I didn't invent the bit-reversing algorithm, but just found it from the Internet. For some reason, I decided to arrange a "race" between Java and C++ implementations. In the beginning the results were shocking; even after full optimizations the C++ implementation was more than eight times slower. But isn't C++ ought to be faster than Java? After looking deeper under the hood, it was clear what made the difference: looping. Modifying the way bits are reversed gave an incredible boost. A better bit-reversing routine looks like this:

uint32_t reverseBits( uint32_t num ) {
num = ( num & 0x55555555 ) << 1 | ( num >> 1 ) & 0x55555555;
num = ( num & 0x33333333) << 2 | ( num >> 2 ) & 0x33333333;
num = ( num & 0x0F0F0F0F) << 4 | ( num >> 4 ) & 0x0F0F0F0F;
num = ( num << 24 ) | ( ( num & 0xFF00 ) << 8 ) | ( ( num >> 8 ) & 0xFF00 ) | ( num >> 24 );
return num;
}

However, since the target platform actually runs on multiple operating systems (at least on Windows and AIX), using C/C++ requires compilations on multiple platforms. For this reason a colleague of mine implemented another solution which doesn't need bit shifting operations, and thus can be implemented directly within the target platform. Of course, the performance of the routine dropped again. To keep languages in minimum, I'm showing this approach again in C++.

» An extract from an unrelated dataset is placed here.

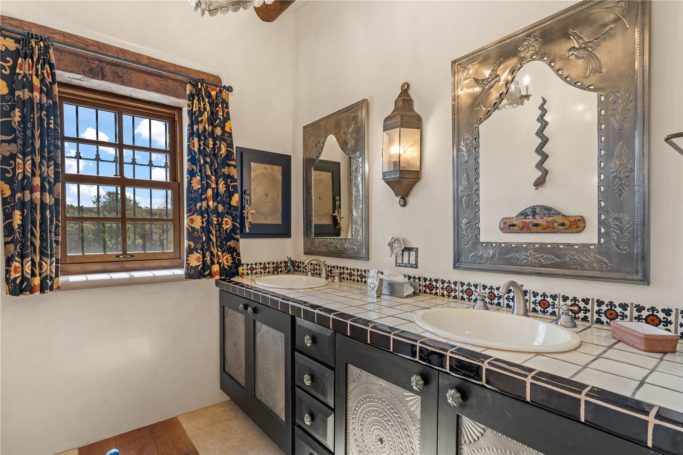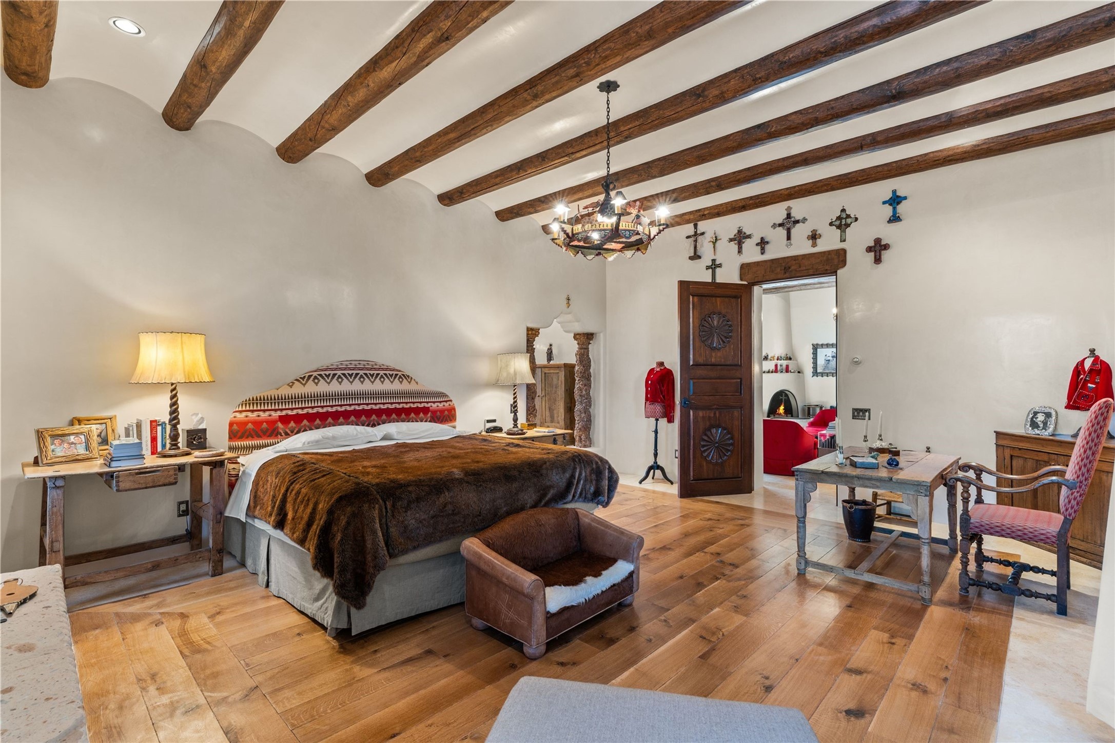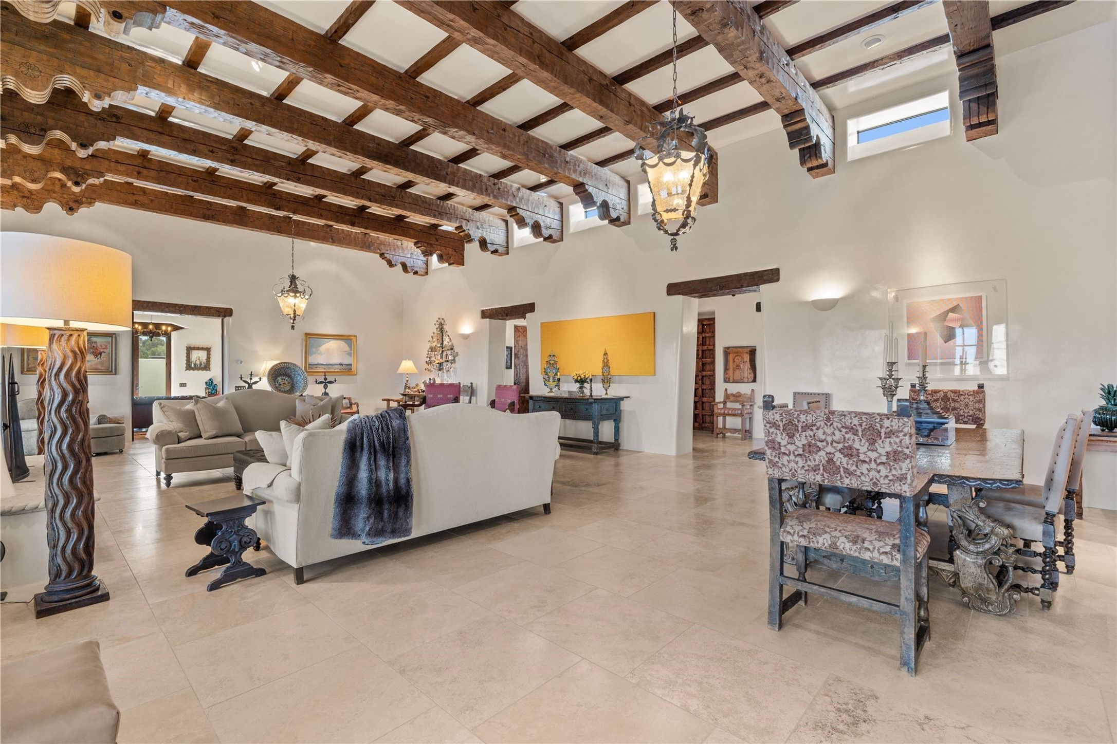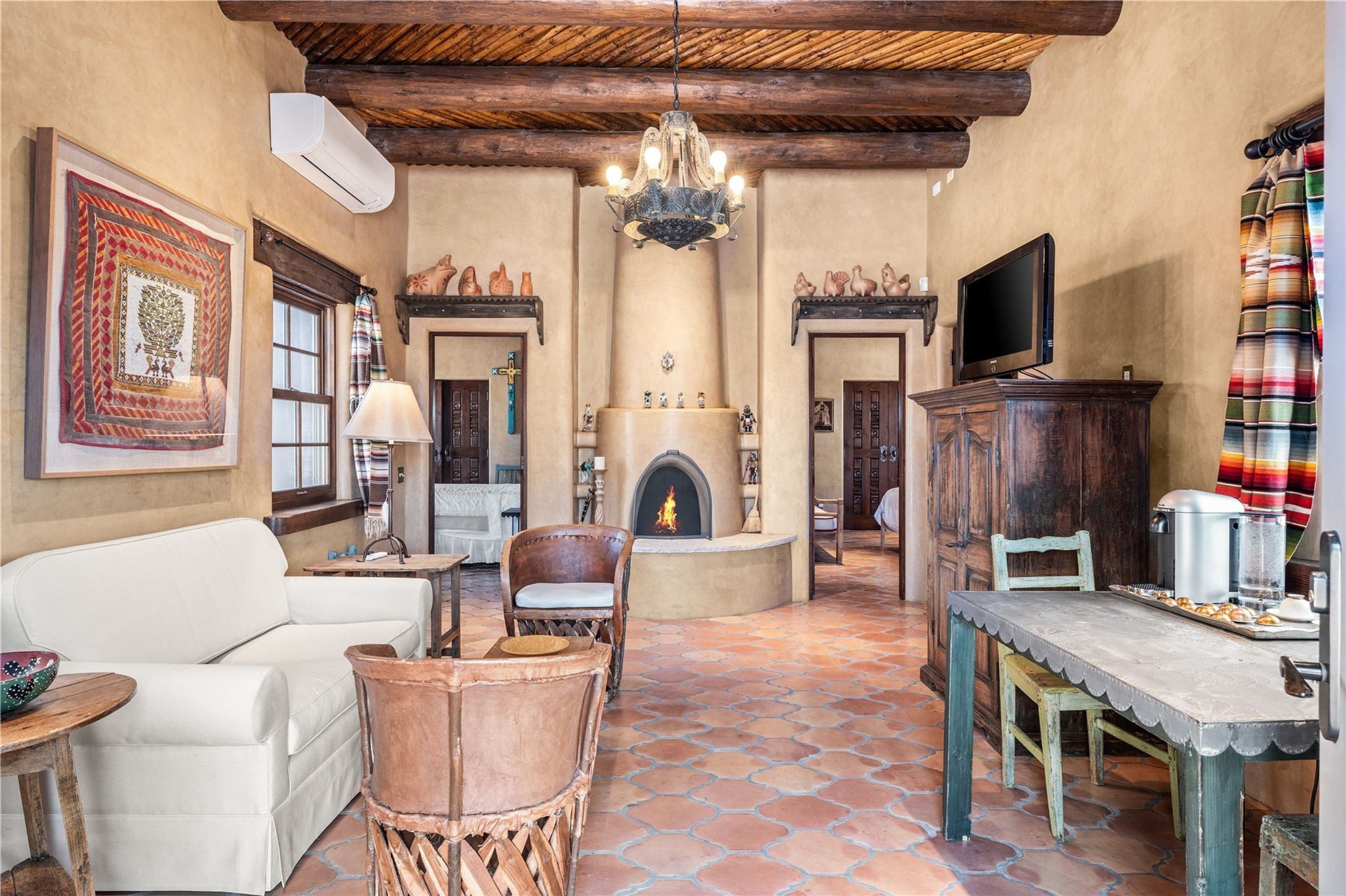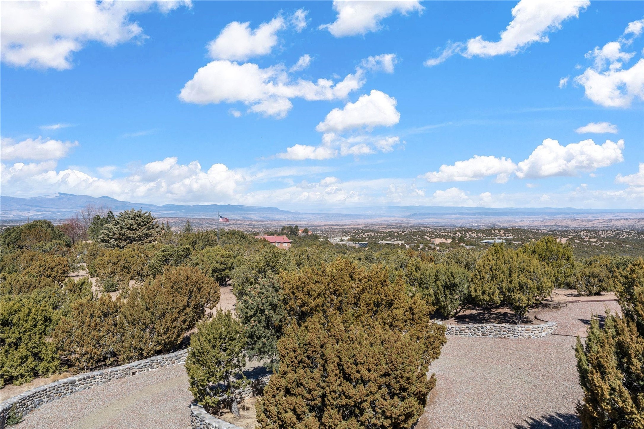 Reminiscent of a colonial hacienda, this impressive estate offers privacy, views, an adobe walled-in main residence and casita, plus a studio/guest house. Beautifully sited on nearly 10 acres (comprised of 2 separately deeded lots), and featuring the highest quality construction (double adobe in the main house). The Main house consists of 2 bedroom suites plus 2 half baths; the Casita consists of 2 bedrooms and 2 baths, and the Studio/Hogan has 1 bedroom,1 bath. There is an expansive portal and a roof top deck, 7 Fireplaces, private well and 12' and 15' Ceilings in public areas. This property is one of Santa Fe's finest.

int32_t hash( uint_t base,uint32_t* hash ) {
if( base > 0x07FFFFFF )
return -1;
*hash = reverseBits( base * 16 ) * 8;
return 0;
}

uint32_t reverseBits( uint32_t base ) {
uint32_t reversed_num = 0;
for( int bitpos = 32; base != 0; ) {
   bitpos--;
   if( base % 2 == 1 )
       reversed_num  += ( uint32_t ) pow( 2.0,( double ) bitpos );
   base /= 2;
}
return reversed_num ;
}

Finally, being a Java fella, I conclude this episode with a Java implementation of the hash routine. This implementation is the easiest and performance-wise comparable to C++. (Which is not a big surprise since the algorithm is the same). Here you are:

Integer.reverse( base << 4 ) << 3;

Now the big question is: what is all this bit twiddling good for? The reason why bits are reversed, is the way how DB2 for z/OS locks work, especially in datasharing mode. Since the number under manipulation is used as a clustering key, DB2 for z/OS tries to place consecutive numbers close to each other, possibly in the same page. This is turn means that inserts with consecutive numbers hit the same page at the same time and they are disturbing each other due to exclusive locks on the page. The page becomes "hot". But after the bit reversal, consecutive numbers are not not consecutive anymore and thus are not placed into same page (if there are more than one page, of course). Let's take a simple example with numbers 100, 101 and 102. The hashed values are 318 767 104, 1 392 508 928 and 855 638 016, respectively. The differences are huge and thus data lands evenly all around the pages. The new platform will not need this functionality per se, but it needs to be compliant with the numbers in legacy system. That's it.